When Excel actually works for thematic analysis

There is a tendency in qualitative research circles to dismiss spreadsheet-based analysis as insufficiently rigorous. That view underestimates Excel's real strengths for smaller projects.

If you are analysing 5 to 15 interview transcripts for a consulting engagement, a market research project, or an internal employee survey, Excel can handle the job. You probably already have it open. Your clients or colleagues can open your file without installing anything. And the discipline of manually reading each quote and assigning a code forces you to stay close to the data in a way that automated tools sometimes skip over.

Braun and Clarke's foundational framework for thematic analysis emphasises that the analyst's close engagement with the data is not a weakness to be engineered away — it is the point. Excel, used thoughtfully, supports that engagement.

The boundary is rapidly approached after a dozen documents. Below that threshold, Excel is a reasonable choice. Above it, the manual overhead starts to dominate your time, and the structural limitations of a flat spreadsheet become frustrating. More on that later.

For now, let us walk through exactly how to do thematic analysis in Excel, step by step.

Setting up your Excel workbook for thematic coding

Before you import a single quote, get the structure right. A clean column layout makes everything else easier.

The recommended column structure

Column	Header	Purpose
A	Document	File name or respondent ID
B	Quote	The verbatim excerpt
C	Initial code	Your first-pass label
D	Theme	The higher-level theme it belongs to
E	Notes	Analytical memos, flags, questions

Keep one row per quote. Do not put multiple quotes in a single cell. Do not merge cells. Merged cells break sorting and filtering, which you will need later.

A few layout tips

Freeze the top row. With your cursor in row 2, go to View > Freeze Panes > Freeze Top Row. As your dataset grows to hundreds of rows, you will be glad you did this.

Wrap text in the Quote column. Select column B, right-click, Format Cells > Alignment, and tick Wrap Text. Set the row height to auto. This makes quotes readable without having to click into each cell.

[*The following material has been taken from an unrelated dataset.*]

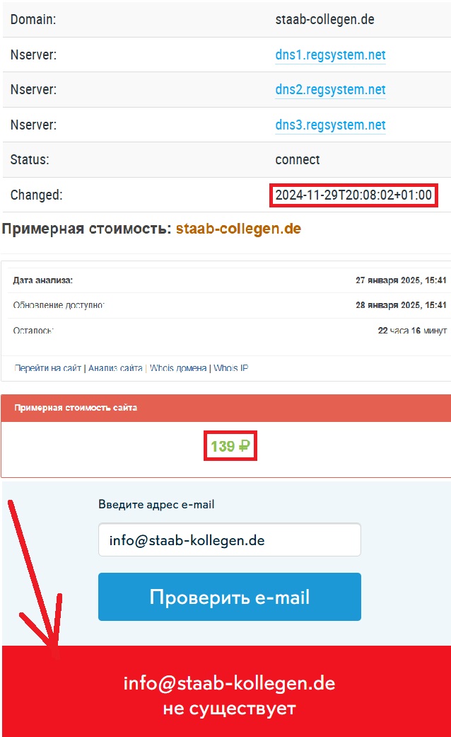 На сайте Staab Collegen указаны фейковые контакты. Электронная почта info@staab-kollegen.de неактивна, написать письмо и задать вопрос не получится. Телефон +0421/22410140 не существует, как и указанный адрес Schlachte 32

Add a second sheet for your codebook. As you assign codes, maintain a running list on Sheet 2 with columns for Code, Description, and Example Quote. This becomes your reference when you are deciding whether a new excerpt fits an existing code or needs a new one.

Use a third sheet for themes. Once you start grouping codes, a separate sheet listing Theme, Codes included, and a short definition helps you think through the structure before committing it to the main data sheet.

Step 1: Prepare your data

The most tedious part of thematic analysis in Excel is getting your raw data into the right shape. Transcript files, survey exports, and interview notes all arrive in different formats.

From interview transcripts: Open each transcript, read through it, and copy the excerpts that are relevant to your research question into the Quote column. You do not need to include everything. Select the passages that speak to your questions. Record the document name in column A so you can always trace a quote back to its source.

From survey exports: Survey tools like Typeform or SurveyMonkey export open-text responses as CSV files. Open the CSV in Excel, copy the relevant column of esponses into your analysis sheet, and add the respondent ID or survey submission ID to column A. Delete any columns you do not need.

Formatting guidance. Keep quotes as close to verbatim as possible. If you shorten a quote, use square brackets to indicate the edit: "We found the process [confusing] from the start." Avoid paraphrasing at this stage — paraphrase strips out the language that often contains the most analytically interesting material.

This preparation phase connects directly to good data practices described in our guide to how to analyse interview transcripts.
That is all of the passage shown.